(Dataset records)
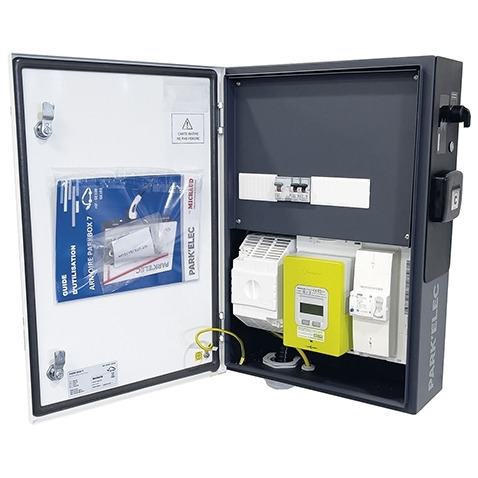Cette armoire intègre le coupe-circuit, le panneau de comptage LINKY® ainsi que le tableau de protection de la borne IRVE.
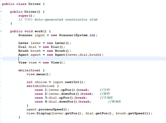 耦合度,这一个词同样应用在课堂的练习中雨刷示例中利用Driver类来实现一个中介的作用以降低耦合度.
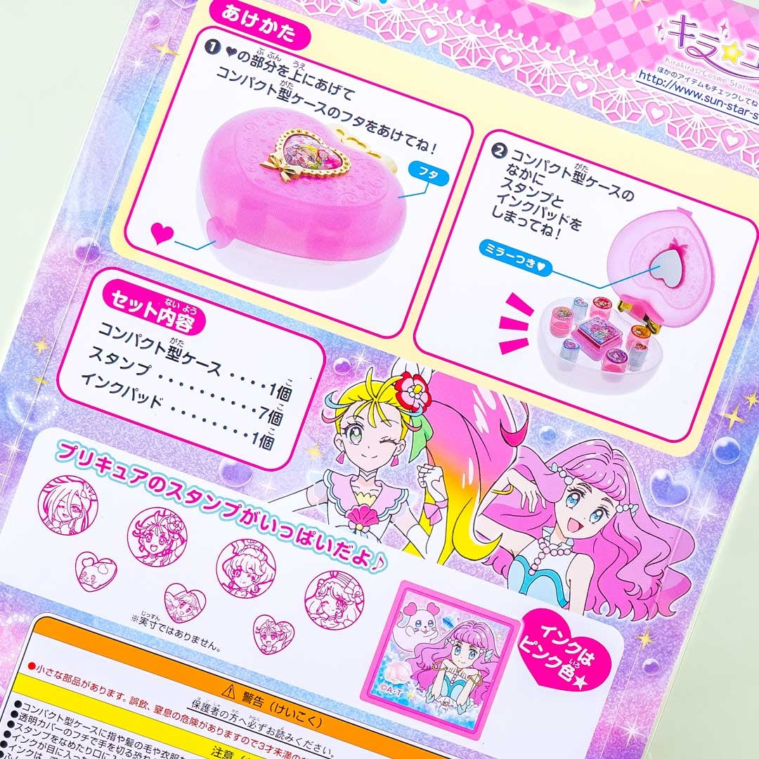 Have fun stamping letters and projects with this super kawaii stamp set featuring characters from the anime, Tropical-Rouge! Pretty Cure. This stamp set comes complete with multiple stamps, an ink pad, and a heart-shaped bejeweled case.
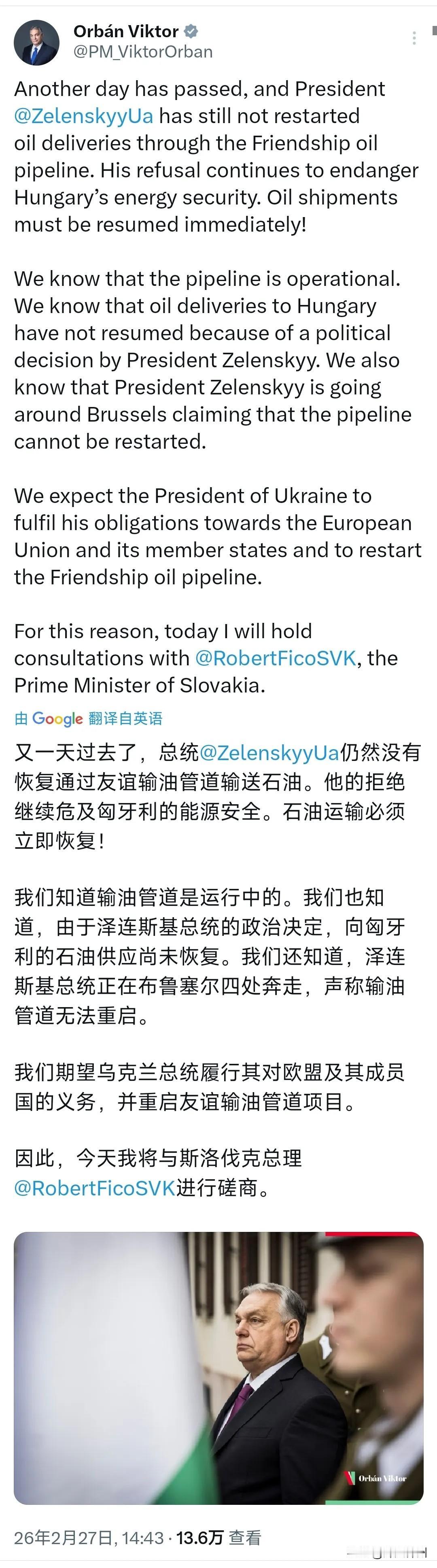 匈牙利总理欧尔班今天(北京时间2月27日)写道:“又一天过去了,泽连斯基总统仍然没有恢复通过友谊输油管道输送石油。他的拒绝继续危及匈牙利的能源安全。石油运输必须立即恢复! 我们知道输油管道是运行中的。我们也知道,由于泽连斯基总统的政治决定,向匈牙利的石油供应尚未恢复。我们还知道,泽连斯基总统正在布鲁塞尔四处奔走,声称输油管道无法重启。 我们期望乌克兰总统履行其对欧盟及其成员国的义务,并重启友谊输油管道项目。因此,今天我将与斯洛伐克总理菲佐进行磋商。” 评几句: 匈牙利总理欧尔班就友谊输油管道问题公开发表强硬表态,要求乌克兰尽快恢复石油输送。欧尔班明确表示,管道本身具备运行条件,供应中断并非技术原因,而是相关方的政治选择,这已对匈牙利的能源安全构成直接影响。 乌克兰一方面在欧盟寻求支持与援助,另一方面在能源通道问题上态度坚决,使得中东欧国家的能源供应面临压力。友谊输油管道事关地区能源稳定,长期停运势必加剧多方矛盾。 欧尔班宣布将与斯洛伐克总理菲佐举行磋商,显示出中东欧国家在维护自身能源利益上加强协调。这一事件也折射出欧盟内部的现实分歧:一边是持续对乌支持,一边是成员国对能源与民生安全的优先考量。
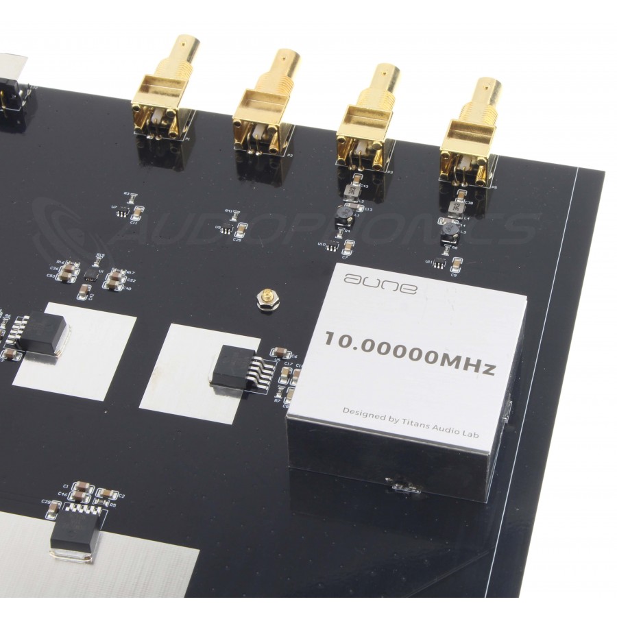 The Aune SC1 EVO was designed precisely with this objective in mind, but it achieves it through an approach that goes beyond mere digital engineering. At the heart of the system lies an OCXO oscillator – a temperature-controlled quartz crystal – designed to maintain the highest possible stability over time. This type of technology, typically used in scientific and telecommunications fields, has been adapted here for audio applications, with fine-tuning geared towards sound quality. The result is an extremely stable 10 MHz reference frequency, with an accuracy of around 50 ppb (parts per billion) and a stability of less than 0.01 ppb – figures that place the device in a decidedly high-end category.

Exercise brief: Copy only this, please: the line with "Have fun stamping" and every line after it through the end of the data, with no pictures.

Answer for this exercise:
 Have fun stamping letters and projects with this super kawaii stamp set featuring characters from the anime, Tropical-Rouge! Pretty Cure. This stamp set comes complete with multiple stamps, an ink pad, and a heart-shaped bejeweled case.
 匈牙利总理欧尔班今天(北京时间2月27日)写道:“又一天过去了,泽连斯基总统仍然没有恢复通过友谊输油管道输送石油。他的拒绝继续危及匈牙利的能源安全。石油运输必须立即恢复! 我们知道输油管道是运行中的。我们也知道,由于泽连斯基总统的政治决定,向匈牙利的石油供应尚未恢复。我们还知道,泽连斯基总统正在布鲁塞尔四处奔走,声称输油管道无法重启。 我们期望乌克兰总统履行其对欧盟及其成员国的义务,并重启友谊输油管道项目。因此,今天我将与斯洛伐克总理菲佐进行磋商。” 评几句: 匈牙利总理欧尔班就友谊输油管道问题公开发表强硬表态,要求乌克兰尽快恢复石油输送。欧尔班明确表示,管道本身具备运行条件,供应中断并非技术原因,而是相关方的政治选择,这已对匈牙利的能源安全构成直接影响。 乌克兰一方面在欧盟寻求支持与援助,另一方面在能源通道问题上态度坚决,使得中东欧国家的能源供应面临压力。友谊输油管道事关地区能源稳定,长期停运势必加剧多方矛盾。 欧尔班宣布将与斯洛伐克总理菲佐举行磋商,显示出中东欧国家在维护自身能源利益上加强协调。这一事件也折射出欧盟内部的现实分歧:一边是持续对乌支持,一边是成员国对能源与民生安全的优先考量。
 The Aune SC1 EVO was designed precisely with this objective in mind, but it achieves it through an approach that goes beyond mere digital engineering. At the heart of the system lies an OCXO oscillator – a temperature-controlled quartz crystal – designed to maintain the highest possible stability over time. This type of technology, typically used in scientific and telecommunications fields, has been adapted here for audio applications, with fine-tuning geared towards sound quality. The result is an extremely stable 10 MHz reference frequency, with an accuracy of around 50 ppb (parts per billion) and a stability of less than 0.01 ppb – figures that place the device in a decidedly high-end category.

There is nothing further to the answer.